Exercise objective
Give back exactly the lines from the start of the entries below to the line holding "再来看看上期提及重点个股的一周表现,20只个股仅4只下跌,表现最好的是 $NET 、", that line included, and leave every picture out.
══ Input records
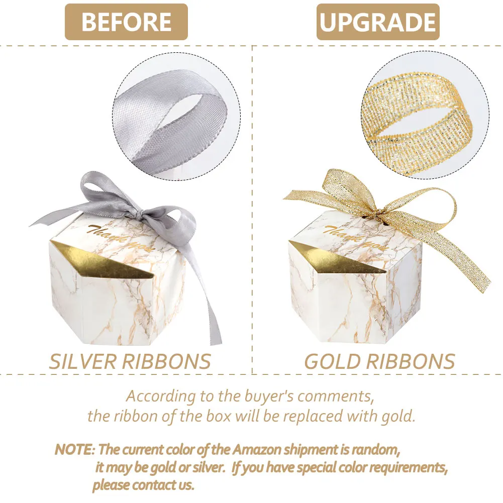- Boîtes à bonbons en marbre et rubans dorés
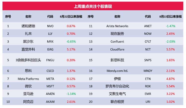 再来看看上期提及重点个股的一周表现,20只个股仅4只下跌,表现最好的是 $NET 、 $ROK 、 $ISRG :
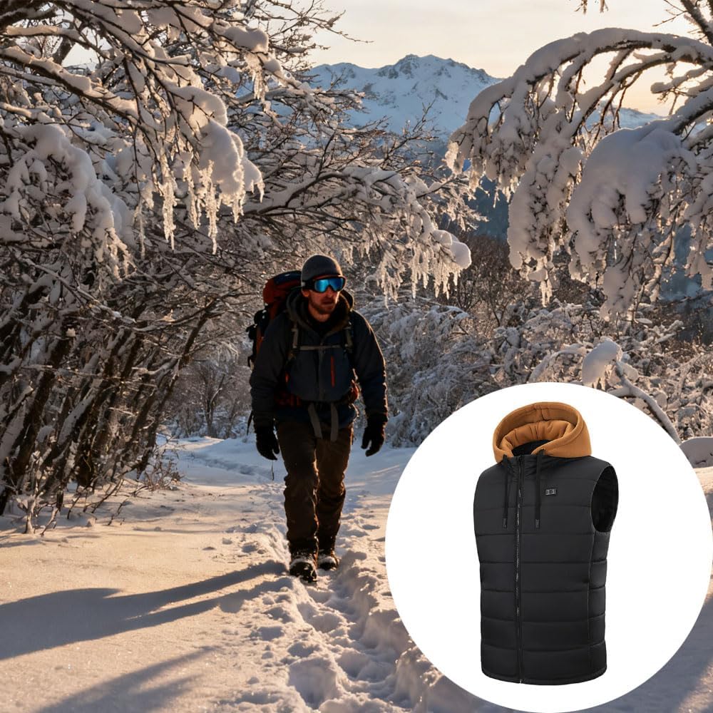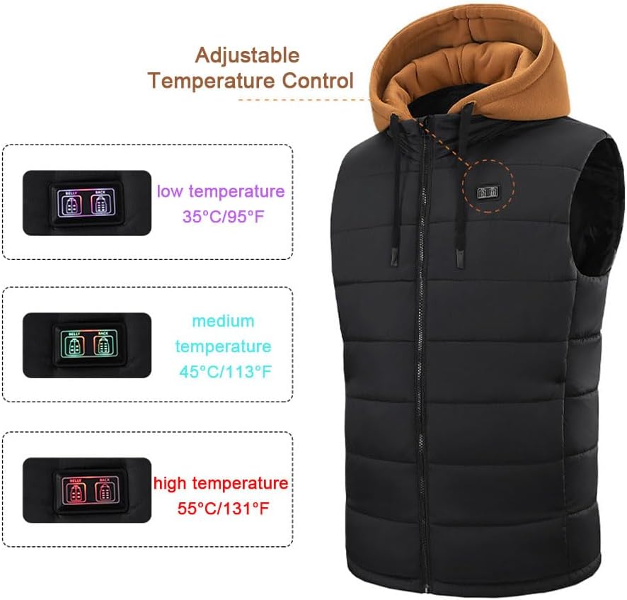 Feature:【Reliable Fabrics】The heated vest is made of nylon fabric and filled with high quality acetate fiber for extra warmth. High quality fabric is not easy to pilling, not easy to produce static electricity, thick coat can withstand the cold, resist the invasion of cold wind, autumn and winter warm comfortable clothing.【Adjustable Temperature Control】This electric heated vest has three temperature settings (low temperature 35°C/95°F; medium temperature 45°C/113°F; high temperature 55°C/131°F). Whether indoors or outdoors, you can choose the ideal temperature to stay warm. The intimate temperature settings and thermostat function will provide your entire body with a constant supply of heat, keeping you warm all over.【Various Heated Zones】The vest has a built-in advanced carbon fibre heating element with 14 heating zones covering the front chest back and shoulder. It heats up quickly and dissipates heat evenly, which can be warmed up quickly when plugged in. Wearing this heating vest, you will be wrapped in warmth in all directions, so that travelling in winter will not be a problem. Note: This product is only a heated vest. Heating power supply is not included, please bring your own power bank.【Thoughtful Design】Heated vests are L sizes that fit the contours of the body perfectly. The design is thoughtful, with a removable hood, pockets with zips that are silky smooth, and a hem that is hemmed to keep the wind out, ensuring a warm and comfortable wearing experience.【Easy to Clean】Heating vest can be hand-washed and machine-washed, repeated water washing will not easily loosen and deform. Because the power connector is waterproofed, no need to worry about it being damaged. Warm tips, remember to take out the batteries hidden inside the clothes when you wash them, and put them back in after drying thoroughly.Specification:Name: Heated VestMaterial: NylonSize: LColor: Black, White, Red, Green, BrownPackage Included:1 * Heated Vest
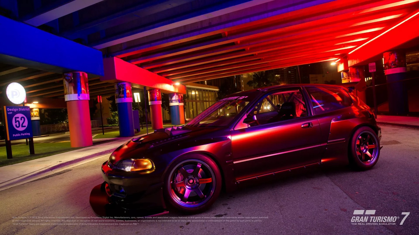 Outra adição especial é o Honda Civic EX 1992. O modelo customizado foi feito pela Garage RCR e foi vencedor do Gran Turismo Award feito no SEMA de 2017. Ele tem motor 2.0 aspirado, mas diversas modificações mecânicas e visuais, incluindo para-lamas generosamente alargados.
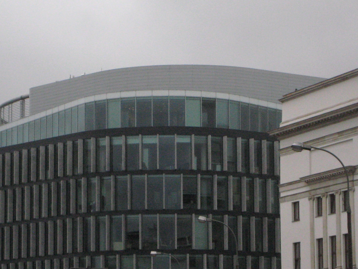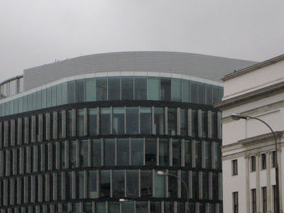 Três olhares num final de tarde enevoada pela Plac Teatralny, em pleno centro de Varsóvia. Na primeira imagem o edifício da Ópera, reconstruído depois da guerra. Na segunda, uma obra recente de Norman Foster.
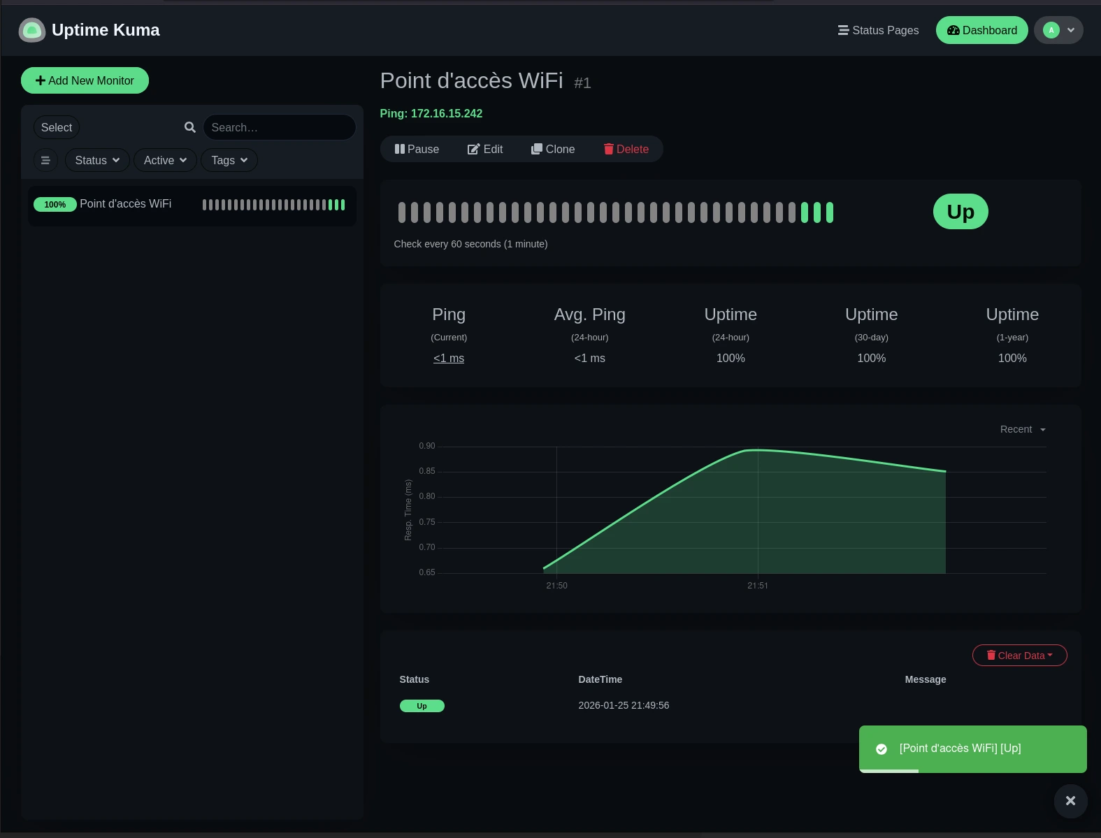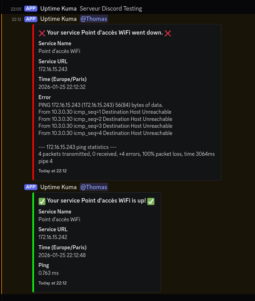 On constate bien que je suis notifié sur Discord lorsque la sonde n'arrive plus à pinger le point d'accès. De même, lorsque je rétablis la bonne configuration, je reçois une seconde notification m'indiquant que le service est de retour. Le système d'alerte est donc parfaitement fonctionnel.
════
Response to the task
- Boîtes à bonbons en marbre et rubans dorés
 再来看看上期提及重点个股的一周表现,20只个股仅4只下跌,表现最好的是 $NET 、 $ROK 、 $ISRG :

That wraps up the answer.